# SOURCE MATERIAL:
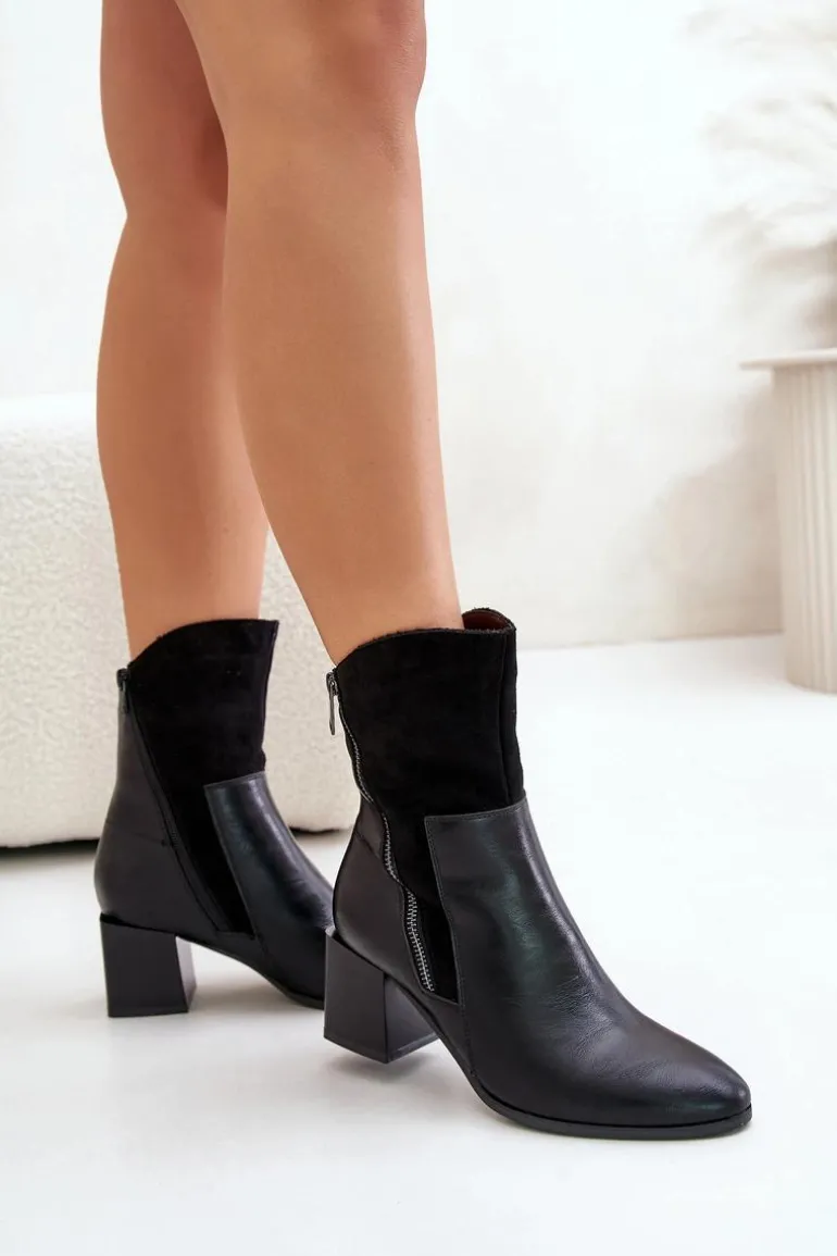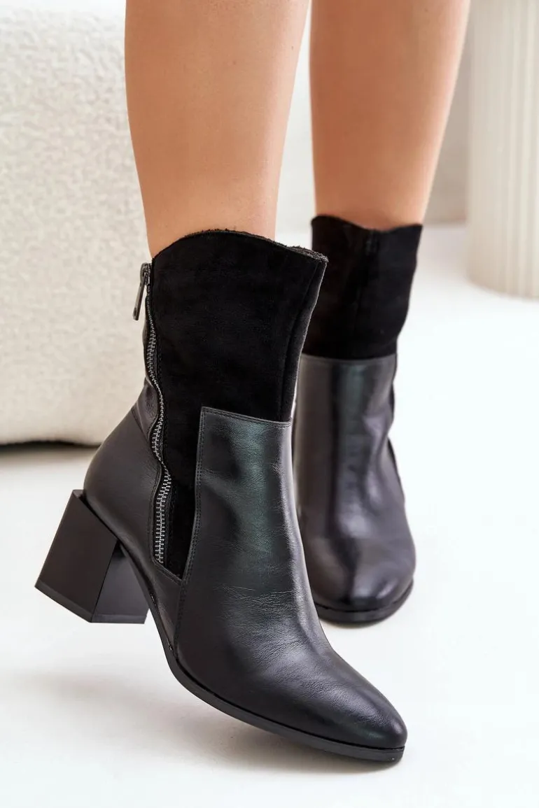 Damskie botki wykonane z eko skóry, osadzone na stabilnym obcasie typu słupek. Zapinane na zamek, z dodatkowym ozdobnym suwakiem, który dodaje charakteru. Wnętrze ocieplone kocem obuwniczym, zapewniającym ciepło i wygodę w chłodniejsze dni. Idealny wybór dla kobiet ceniących styl i komfort. Przy wyborze rozmiaru prosimy sugerować się tabelą rozmiarów.
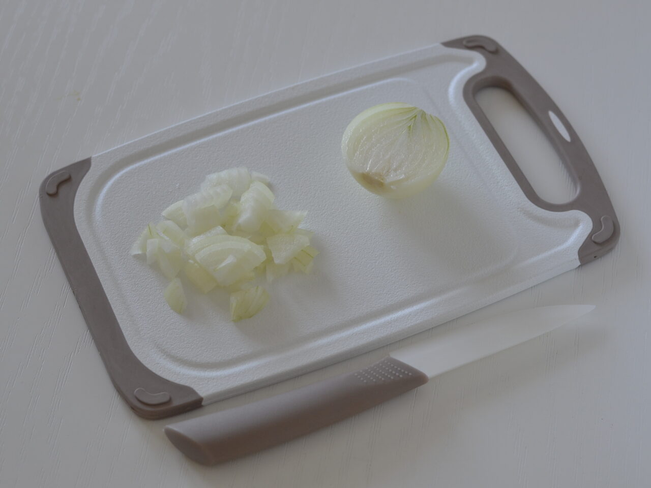 - Se curăță ceapa de coajă și se taie în jumătăți de inele subțiri.
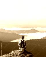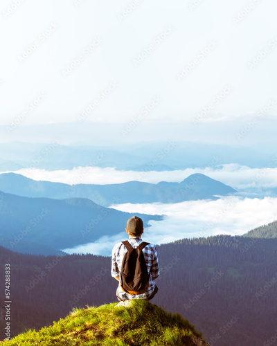 A tourist sits on the edge of a cliff covered with a pink carpet of rhododendron flowers in the summer. Foggy mountains on the background. Landscape photography
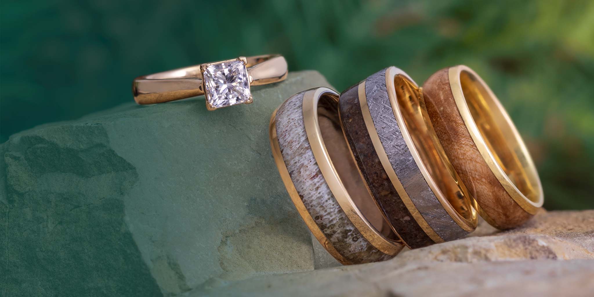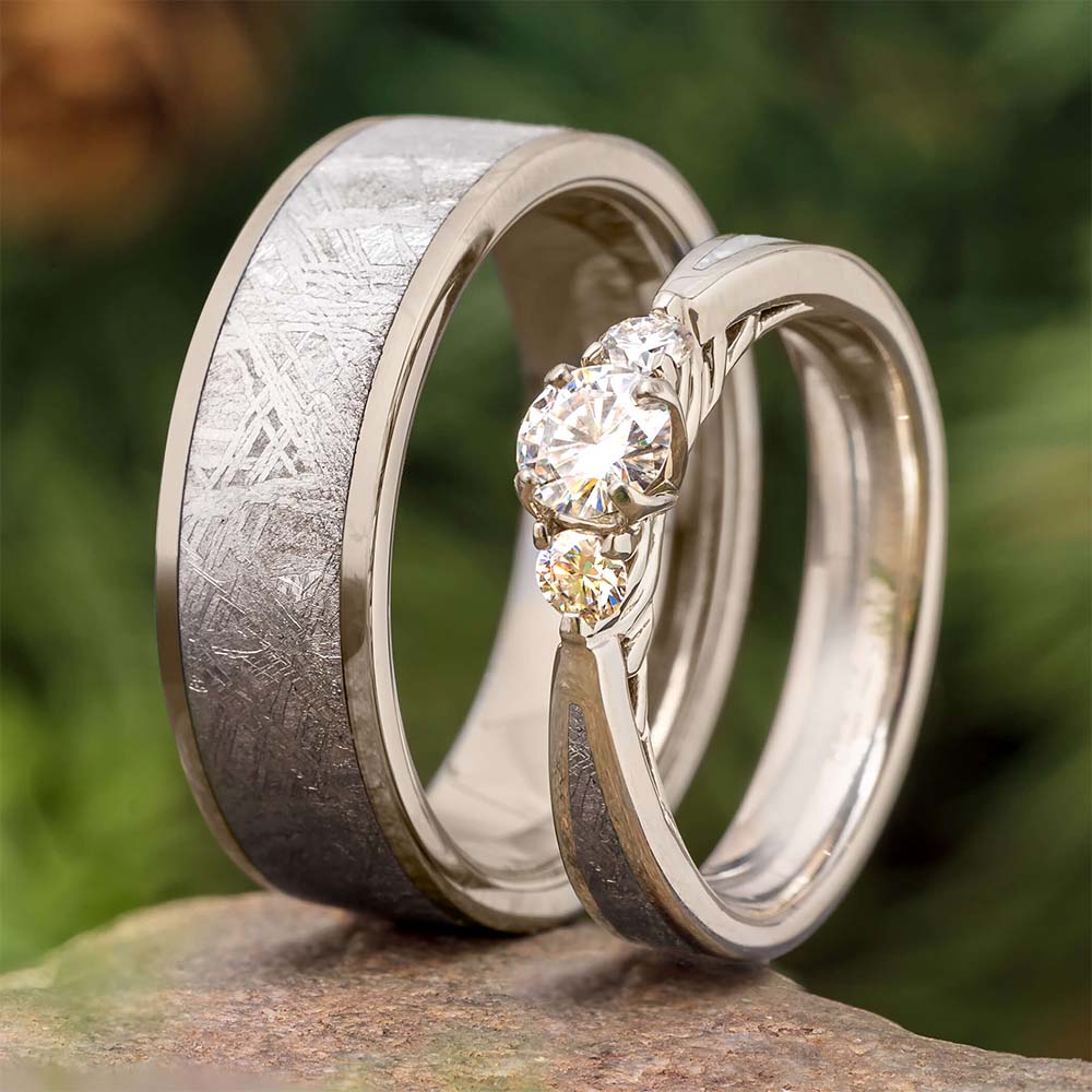 Men's meteorite wedding rings displayed together on a stone surface.
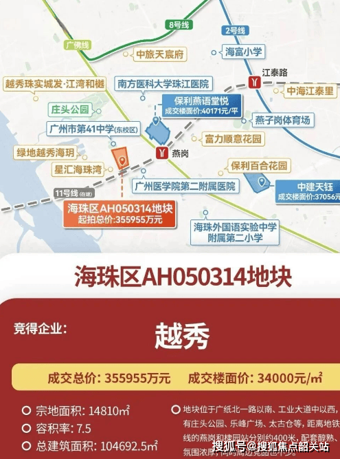 2025年9月19日,广纸314地块正式出让,越秀地产以楼面价3.4万/㎡、总价35.6亿元成功拿下,这一地块也就是如今的越秀·熙悦江湾。要知道,越秀地产深耕广州41年,深刻理解广州市场、气候和人文生活,此次布局广纸板块,也是看中了板块的成熟配套和发展潜力,旨在打造一款贴合广府人居需求的标杆作品。
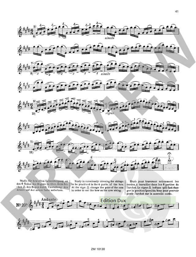 Maxim Jacobsen (1887-1973) war ein genialer Pädagoge. Wie er in diesem Band das Problem der Bogentechnik umfasst, ist mustergültig. Die textlichen Anweisungen sind kurz und klar. Die Anordnung der einzelnen Studien ist streng progressiv. Das Werk fesselt wie ein spannendes Buch. Jacobsen regt den/die begabten Schüler/in und Lehrer/in zum eigenen Nachdenken an. Mit mechanischem Drill hat diese Arbeit nichts zu tun, was zu seiner Zeit ein außergewöhnlicher Ansatz war.
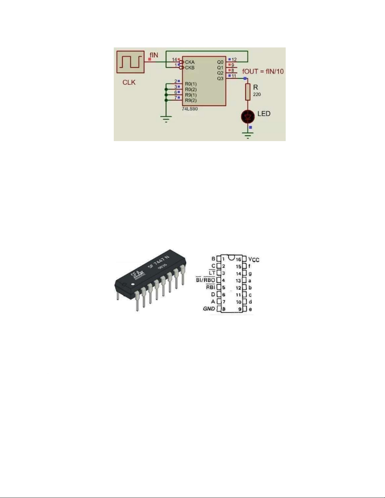 đến 9 sử dụng IC đếm 74LS90 và IC giải mã BCD sang led 7 đoạn 74LS47. Để
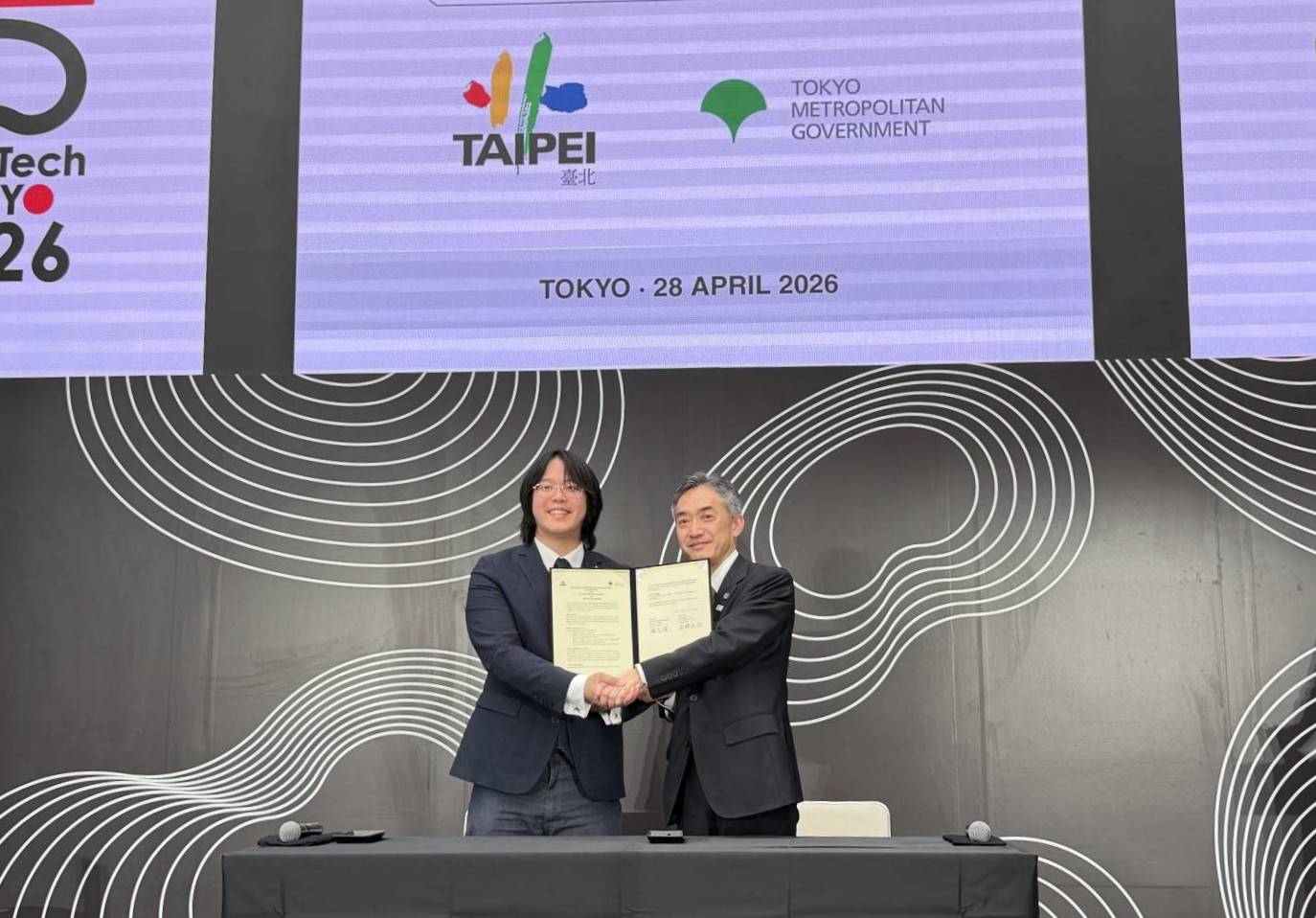 推進首都級科技外交,臺北市政府與東京都廳今(28)日於「SusHi Tech Tokyo 2026」大會主舞台正式簽署數位治理合作備忘錄(MOU)。締約儀式由臺北市政府資訊局長趙式隆與東京數位服務局長高野克己代表,確立雙邊在公共行政人工智慧(AI)運用與數據驅動治理之實質合作框架。此大會主線議程,具體展現市府團隊輸出市政科技之施政成果。
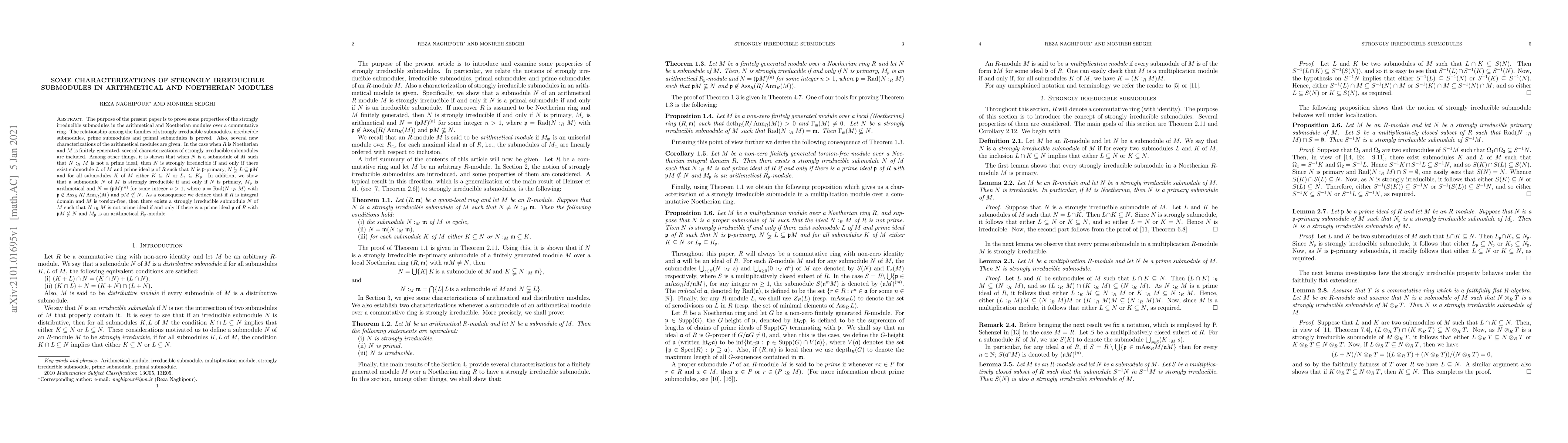 This paper explores properties of strongly irreducible submodules in arithmetical and Noetherian modules over a commutative ring, establishing relationships with irreducible, prime, and primal submodules. It provides new characterizations for arithmetical modules and proves conditions under which submodules are strongly irreducible, particularly when the ring is Noetherian and modules are finitely generated.
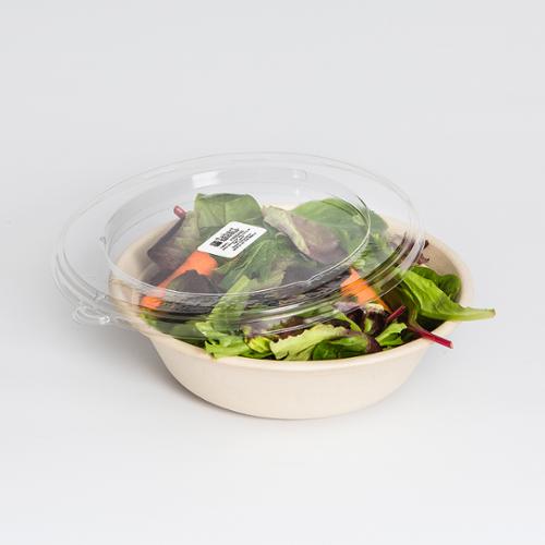 Sabert's environmentally friendly Green collection includes a full line of molded fiber pulp compostable bases with recyclable plastic lids, offering everything from soup bowls and containers to catering platters and plates.

# INSTRUCTIONS TO FOLLOW:
Give the lines again exactly, beginning with the first line of the records above and ending with the line that contains "đến 9 sử dụng", and include no pictures.

# EXERCISE ANSWER:
 Damskie botki wykonane z eko skóry, osadzone na stabilnym obcasie typu słupek. Zapinane na zamek, z dodatkowym ozdobnym suwakiem, który dodaje charakteru. Wnętrze ocieplone kocem obuwniczym, zapewniającym ciepło i wygodę w chłodniejsze dni. Idealny wybór dla kobiet ceniących styl i komfort. Przy wyborze rozmiaru prosimy sugerować się tabelą rozmiarów.
 - Se curăță ceapa de coajă și se taie în jumătăți de inele subțiri.
 A tourist sits on the edge of a cliff covered with a pink carpet of rhododendron flowers in the summer. Foggy mountains on the background. Landscape photography
 Men's meteorite wedding rings displayed together on a stone surface.
 2025年9月19日,广纸314地块正式出让,越秀地产以楼面价3.4万/㎡、总价35.6亿元成功拿下,这一地块也就是如今的越秀·熙悦江湾。要知道,越秀地产深耕广州41年,深刻理解广州市场、气候和人文生活,此次布局广纸板块,也是看中了板块的成熟配套和发展潜力,旨在打造一款贴合广府人居需求的标杆作品。
 Maxim Jacobsen (1887-1973) war ein genialer Pädagoge. Wie er in diesem Band das Problem der Bogentechnik umfasst, ist mustergültig. Die textlichen Anweisungen sind kurz und klar. Die Anordnung der einzelnen Studien ist streng progressiv. Das Werk fesselt wie ein spannendes Buch. Jacobsen regt den/die begabten Schüler/in und Lehrer/in zum eigenen Nachdenken an. Mit mechanischem Drill hat diese Arbeit nichts zu tun, was zu seiner Zeit ein außergewöhnlicher Ansatz war.
 đến 9 sử dụng IC đếm 74LS90 và IC giải mã BCD sang led 7 đoạn 74LS47. Để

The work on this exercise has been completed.